36 Hours in Rijeka, Croatia

If Croatia’s seaside locales have become tourism starlets, then Rijeka, a working-class port city on the Adriatic, is the country’s gritty understudy. So, it came as some surprise when this town, whose skyline merges Hapsburgian decadence with shipyard cranes, was named European Capital of Culture for 2020 over other Croatian candidates like Dubrovnik and Split. “No one believed we would win,” said Ivan Sarar, Rijeka’s head of culture, about the award. “Being noble underdogs is our cool.”

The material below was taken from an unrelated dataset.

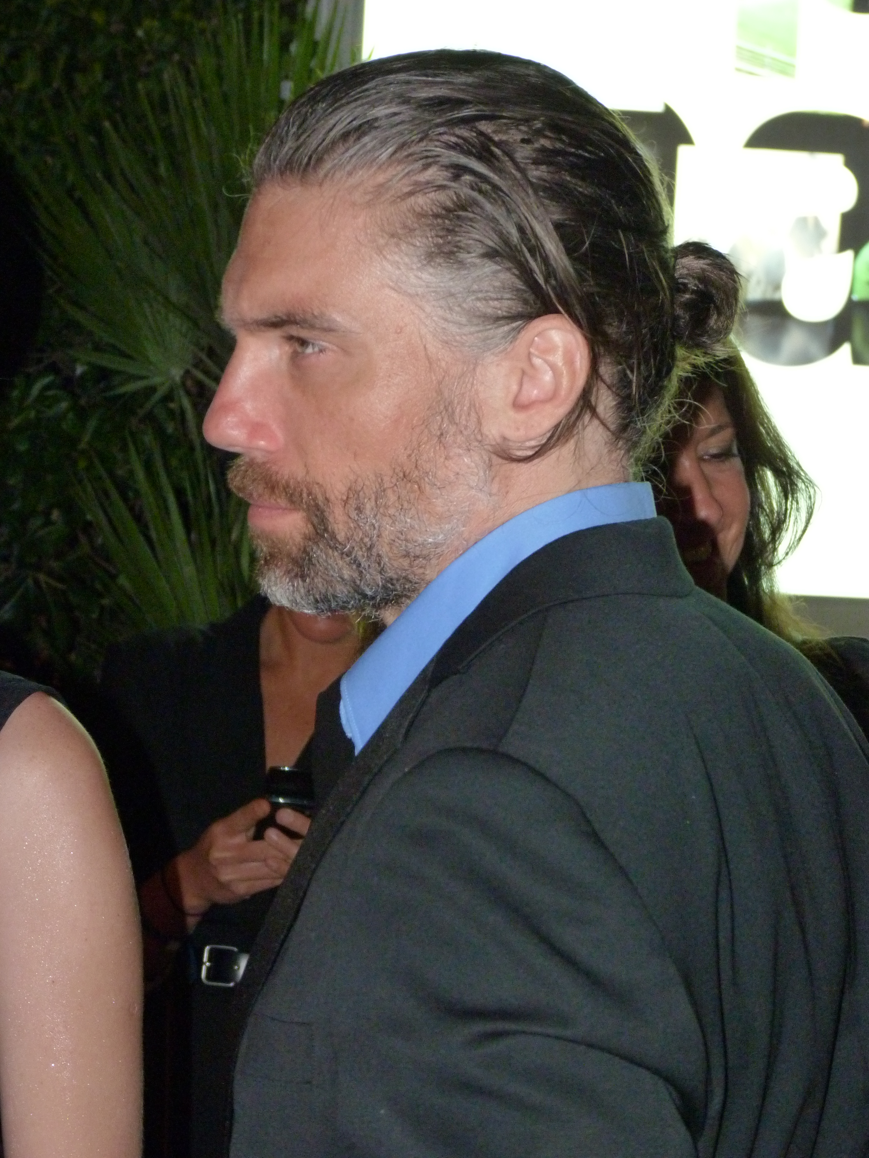 Anson Mount at the 2011 MIPCOM, in Cannes.

Famous for raucous Carnival celebrations and an alternative vibe, Rijeka (population 130,000), which has been a shipping and boatbuilding hub for centuries, combines Roman legacy, Italian influence, Austro-Hungarian architecture and fading Yugoslav industry. For visitors, the result is a unique mixture of sights, cuisine and night life. Along with a raft of events set for the 2020 celebrations starting in February, and a five-star Hilton hotel opening next summer, this Croatian harbor seems ready to trade in its cranes for the travel spotlight.

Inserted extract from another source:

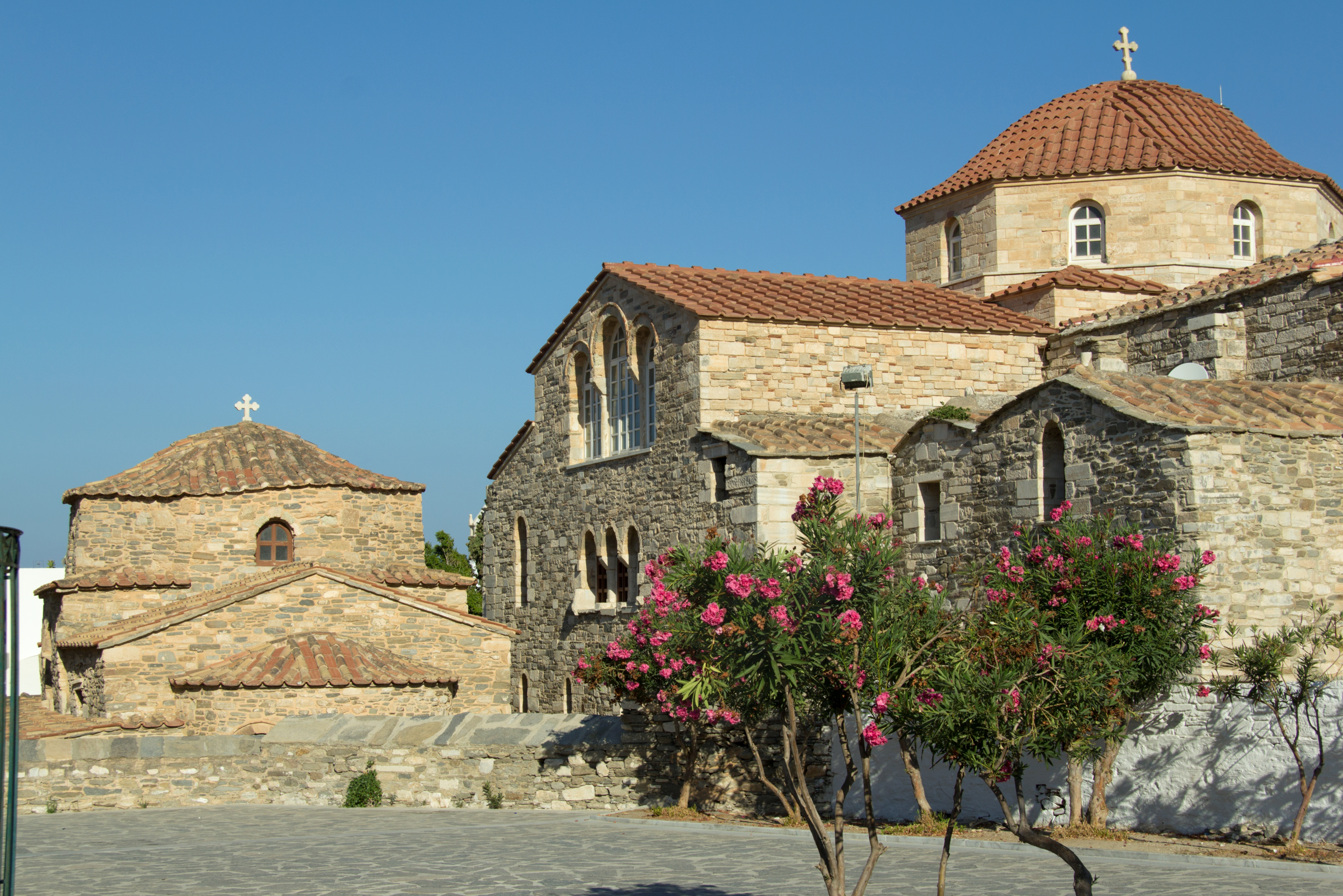 Panagia Ekatontapyliani in Parikia on Paros.

Climb 561 steps up Petar Kruzic Stairway to the 13th-century Trsat Castle on a bluff at the edge of the Rjecina River, for which Rijeka is named. Atop the lookout tower (free entry), the panorama takes in Kvarner Bay, its islands and the Istrian Peninsula’s eastern coast. Below, Rijeka — governed by seven countries since World War I — is beautiful in its dissonance. Green cupolas bob amid terra-cotta rooftops and Renaissance, Baroque and Art Nouveau buildings. Italian villas, empty 19th-century warehouses and blocky Communist-era high-rises fill spaces between. “Rijeka has always had a peripheral existence between empires,” said the local architect Idis Turato. “In some ways this is an advantage as we reinvent the city.”

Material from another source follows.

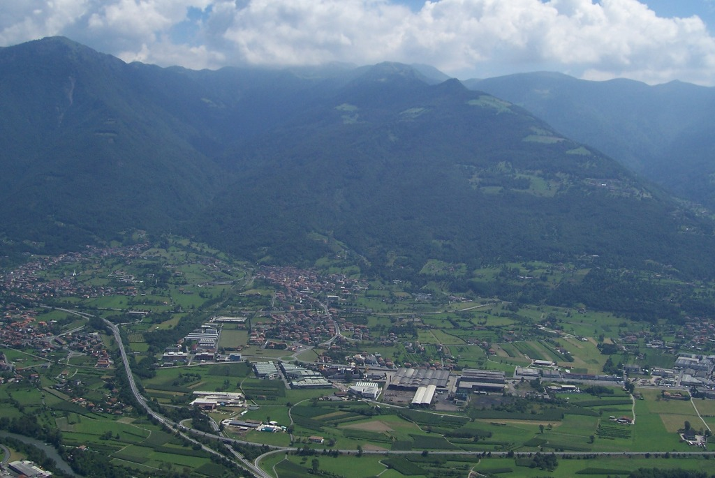 Gianico, Val Camonica

Back in the center, stop at Pivnica Cont for a patio seat and a house lager; a half liter costs 20 kuna, or about $3. The site of the town’s oldest bar, this beer house has nine draft choices and around 30 Croatian brews. Afterward, cross the river and walk the canal toward the sea until you reach the Croatian National Theatre Ivan pl. Zajc for a 7:30 p.m. show. The neo-Baroque, 650-seat building, constructed in 1885, stages Croatian and Italian drama, ballet and opera. Upcoming performances include Georges Bizet’s “Carmen” on Nov. 23, and three Puccini operas. When inside, notice the paintings — three on the ceiling and one above each side-stage box — by a young Gustav Klimt.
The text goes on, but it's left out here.